Residual connections in Residual Networks (ResNet) [14] can deepen the number of network layers and optimize the model structure. Qing et al. [15] introduced residual connections in 2DCNN to improve the HSIC accuracy. He et al. [16] combined 3DCNN and residual connection to construct a HSIC model, which still has some room for improvement in classification performance due to not fully utilizing the spatial–spectral information of HSI. To address the above problems, Cao et al. [17] built a comprehensive hybrid convolution residual network (BHModel) to improve the feature learning of HSI, which uses 2D–3D convolutional mixing to drastically decrease the amount of parameters, thus making the network architecture simpler. The single way of feature fusion and the underutilization of shallow features lead to certain limitations in the improvement of classification effect. Dang et al. [18] built a lightweight model (JPModel) for HSIC. The method reduces the network parameters and increases the paths for learning features by combining residual connection with depthwise separable convolution, which further improves the classification accuracy. He et al. [19] used a multi-scale residual network (SSMRN) to obtain the spectral-spatial information of HSI, which effectively learns the target features. Lei et al. [20] introduced capsule residual blocks to increase the depth of the network, and although more critical information was extracted, the complexity of the proposed MS-CapsNetW was relatively high.
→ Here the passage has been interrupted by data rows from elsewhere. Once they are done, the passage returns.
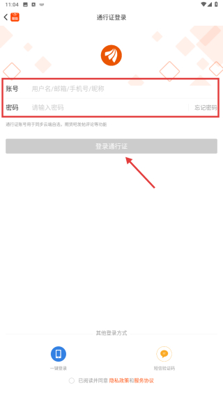 3、在登錄選擇界面,選擇賬號(hào)密碼登錄方式,進(jìn)入賬號(hào)密碼輸入界面。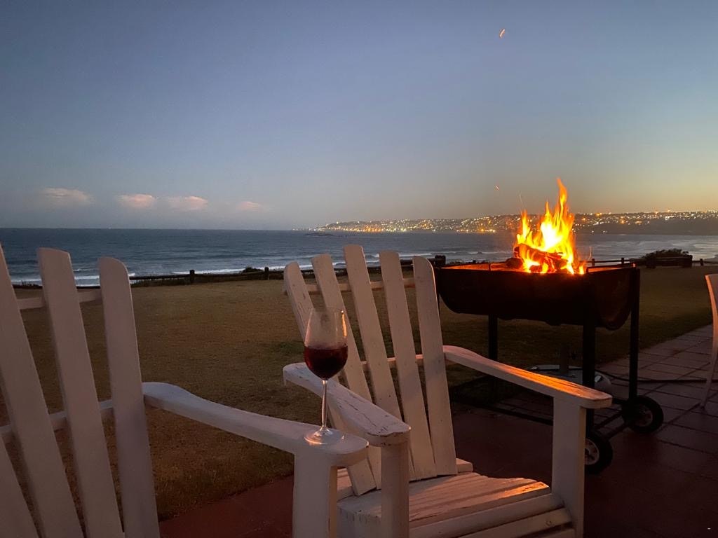 The living room opens onto a communal balcony with ocean views, and outdoor braai facilities are available, as well as beach umbrellas.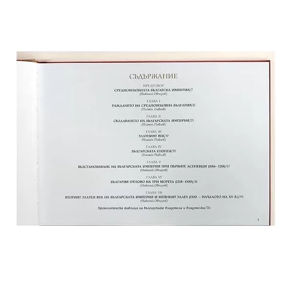 120 страници, в които Историята на България от средните векове е поднесена синтезирано и изключително увлекателно. В края й е приложена хронологическа таблица на българските владетели и владетелки. Онагледена е с карти, фотоси и картини на знакови за историята ни битки, царе и царици.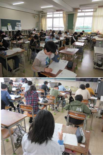 国語、算数、理科の調査と、わくわく問題(教科横断型問題に取り組みました。子どもたちは、いつものテストの時以上に集中して問題に向き合っていました。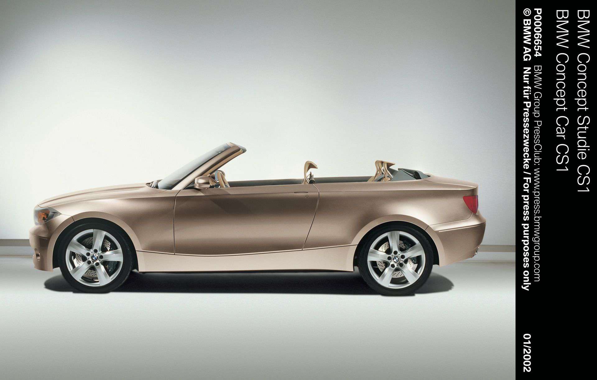 The next Bangle-era concept, the 2002 BMW CS1 Concept, directly previewed a series model, the E87 1 Series. The study showed a small two-door convertible, and the shape and proportions remained very similar in the production E88 cabriolet, whose design, front fascia aside, has stood the test of time.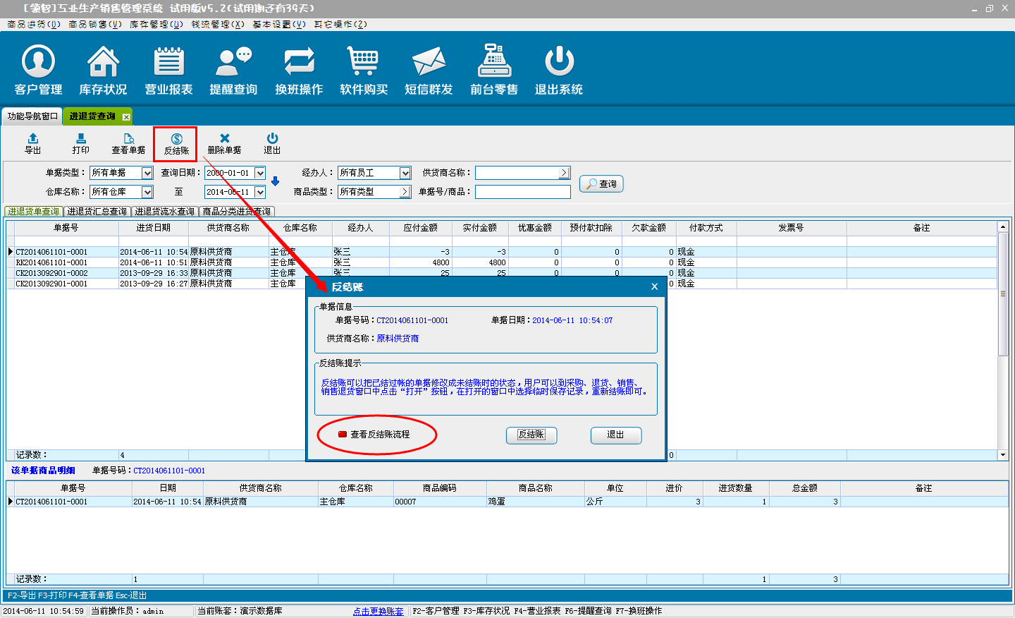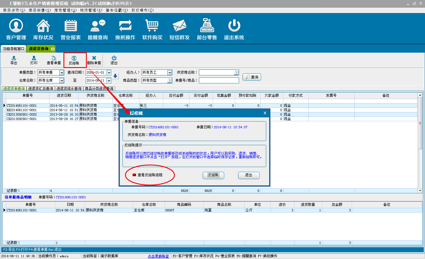 用于查询商品的采购进货、退货单据、商品进退货明细的汇总。包括进退货流水查询和进退货按商品类别汇总统计。选择单据,单击查看单据可查询该单据的商品明细信息。单击反结账对该单据进行反结账操作(反结账后的单据可在商品采购进货或退货窗口中,通过打开单据打开并进行再次结账处理)。

The residual network described above can cope with the phenomenon of degradation, but it is also hindered by the slow network speed and underutilization of extracted features due to direct convolution operation on the data. Pre-activated residual connection can reduce the complexity of the model and make the model converge faster. So introducing the pre-activation mechanism [21, 22] into the residual network can improve the network structure of the original residual module, which can not only improve the training speed, but also obtain deeper features with stronger representativeness in the joint learning of spatial–spectral features. To address the problem of insufficient feature utilization, for deep network models, the long and short distance residual connection approach [23, 24] can solve the problem of gradient vanishing on the one hand, and on the other hand, for the loss of feature information caused by convolutional operation, this approach can also achieve the connection between the bottom and the top network, so as to ensure the stability of the training of the deep network. Consequently, the strategy partially compensates for the missing data and contributes to the enhancement of the feature fusion capability.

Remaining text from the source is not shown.